Понимание, что разброс возможностей растет, что варианты будущего все больше отдаляются друг от друга, создавало у Нины Александровны странное ощущение пустоты и свободы действия. Теперь не исключалось, что Алексей Афанасьевич после стольких лет неподвижности каким-то чудом встанет на ноги и забудет о попытках повеситься; могло быть и так, что благодаря поразительным улучшениям он все-таки доведет задуманное дело до конца. Вероятно было и то, что ничего в привычной жизни не изменится, и закупоренный в комнате застой, присыпанный белым сонным порошком, сохранит свои уникальные качества, мертвые здесь навсегда останутся живыми. Еще ни разу в жизни Нины Александровны не было такого широкого разброса вариантов. Всегда ее движение из прошлого в будущее происходило по единственно возможной линии, словно бы по схематическому туннелю, где жилая кабинка «сегодня» без зазора вдвигалась в приготовленное «завтра»; если что-то и меняло направление этой кривой, то это «что-то» (инсульт Алексея Афанасьевича, введение свободных цен, падение рубля) немедленно оказывалось в прошлом и задавало движение с тем большей жесткостью, чем неожиданнее было событие поворота. Теперь же судьба Нины Александровны соскользнула с линии, точно бусина с нитки; она внезапно оказалась посреди большого белого пятна, где не было никаких направляющих; будущее больше не стояло впереди в виде незаполненной стеклянной витрины, вглядываться в него сделалось бессмысленно. Отсюда, из новой свободы, Нина Александровна с удивлением отмечала, что именно попытка покончить с собой дала толчок к выздоровлению Алексея Афанасьевича — то есть дала эффект, которого нельзя было добиться с помощью лекарств, — и чем яростней были усилия ветерана повеситься на одном из шнурков, тем активней шло восстановление его организма. Вот уже его левая нога стала потихоньку сгибаться, и колено ветерана торчало из горизонтального небытия, будто намозоленный древесный корень из земли; еще на Алексея Афанасьевича вдруг стала нападать кривая зевота, едва не раздиравшая полумертвые лицевые мышцы, и казалось, что лицо его выражает муки Тантала, пытающегося укусить какой-то невидимый плод. Столько лет провалявшись под боком у смерти, в нескольких миллиметрах от ее суверенной границы, Алексей Афанасьевич при попытке преодолеть этот последний зазор был отброшен смертью в жизнь, буквально отскочил от недостижимой линии, будто мячик от стенки, и теперь его усилия давали обратно пропорциональный результат.
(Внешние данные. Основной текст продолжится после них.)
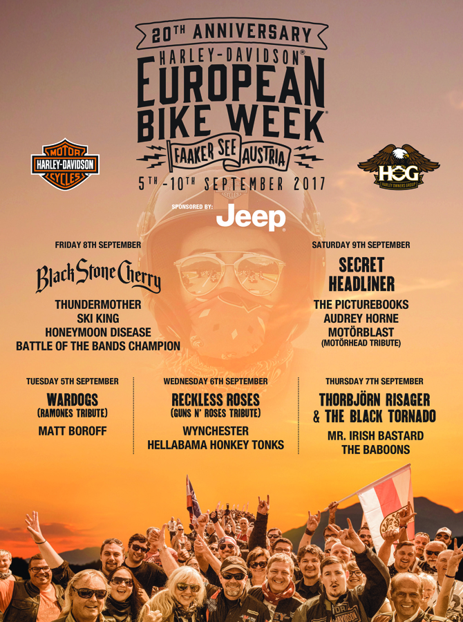 Das Line-up der Harley Davidson European Bike Week 2017 steht fest: Vom 05.09. bis 10.09.2017 findet dieses einzigartige Event am Faaker See in Österreich statt.
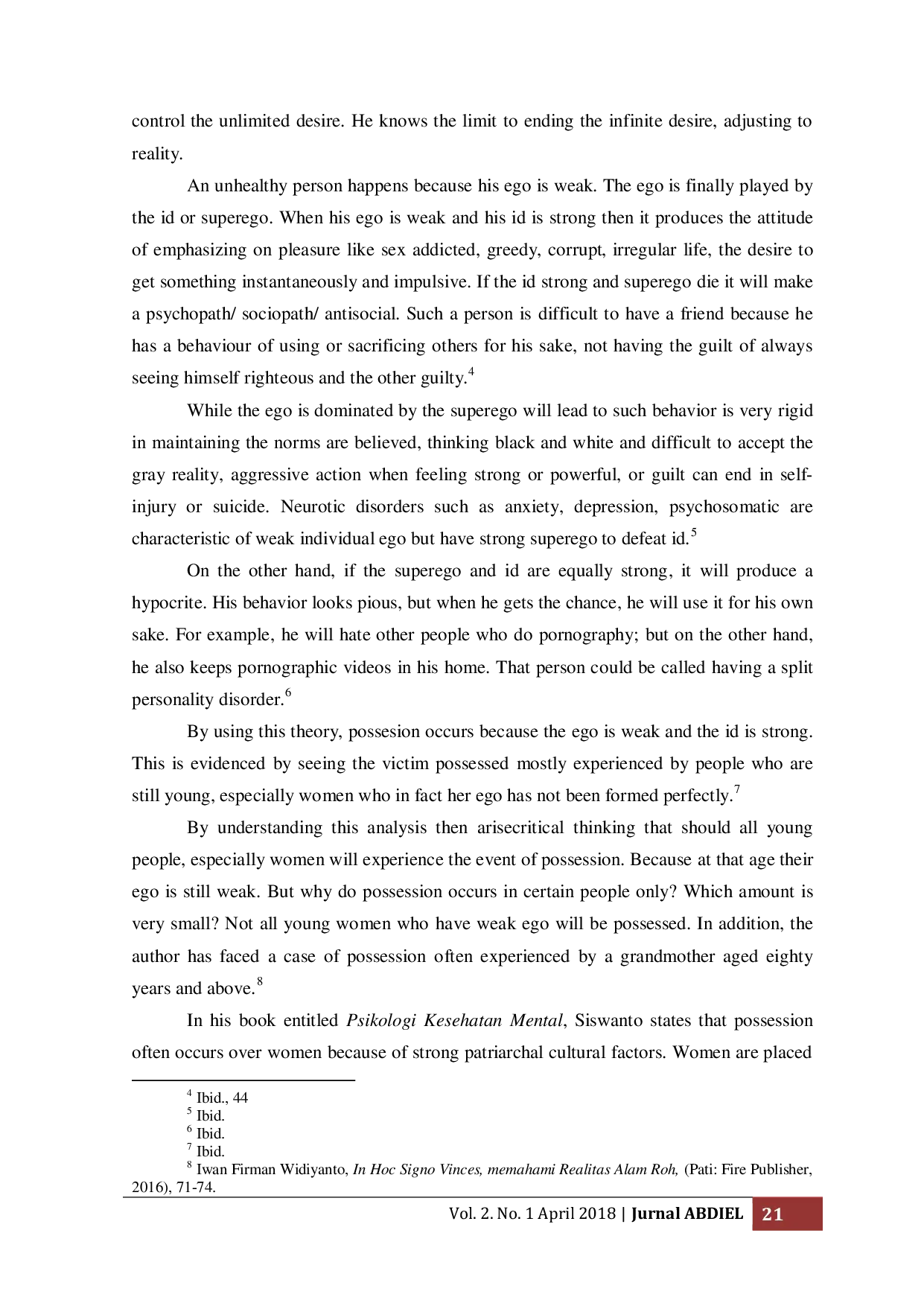 Jurnal Abdiel: Khazanah Pemikiran Teologi, Pendidikan Agama Kristen dan Musik GerejaJurnal Abdiel: Khazanah Pemikiran Teologi, Pendidikan Agama Kristen dan Musik GerejaTulisan ini mendalami persoalan mengenai apakah gangguan roh jahat. Khususnya peristiwa kerasukan merupakan hal yang sama dengan gangguan kejiwaan ataukah sesuatu hal yang berbeda. Untuk menjawab pertanyaan itu maka penulis mencoba menguraikan terlebih dahulu perspektif psikologis dalam memandang kerasukan. Selanjutnya juga penulis mendalami perspektif Alkitab, tradisi gereja dan pengalaman di lapangan terkait dengan peristiwa kerasukan. Unsur-unsur tersebut didialogkan satu dengan yang lain dan menghasilkan sebuah kesimpulan bahwa gangguan roh jahat khususnya kerasukan roh jahat adalah sesuatu yang berbeda dengan ganguan kejiwaan meskipun mempunyai gejala yang mirip dan kadang-kadang keduanya saling berkaitan. Sehingga baik gangguan roh jahat maupun gangguan kejiwaan membutuhkan penanganan yang berbeda pula sesuai dengan kasusnya.

Как ни удивительно, смерть и выздоровление Алексея Афанасьевича ставили перед Ниной Александровной одинаковые практические проблемы, включая перестановку мебели, которая сейчас делилась на мертво неподвижные предметы и предметы, которые из-за тесноты приходилось все время перетаскивать с места на место, чтобы сделать из комнаты ночной вариант с раскладушкой. Нина Александровна прикидывала, как получше раздвинуть, растащить неудобный мебельный затор, что создался за годы возле кровати больного, сообразно его возможностям и удобству ухода; еще ей хотелось переклеить обои, словно ожиревшие от старости и отстававшие от стен желтоватыми пухлыми складками. Как бы между прочим она заходила в соседний хозяйственный, когда-то пахнувший сараем и ядовитой новой мебелью из древесно-стружечной плиты; ныне же ароматный магазин был полон невиданной плавной сантехники, похожей на футляры для дивных музыкальных инструментов, а из тамошних обоев, не будь они бумагой, Нине Александровне хотелось бы сшить вечернее платье.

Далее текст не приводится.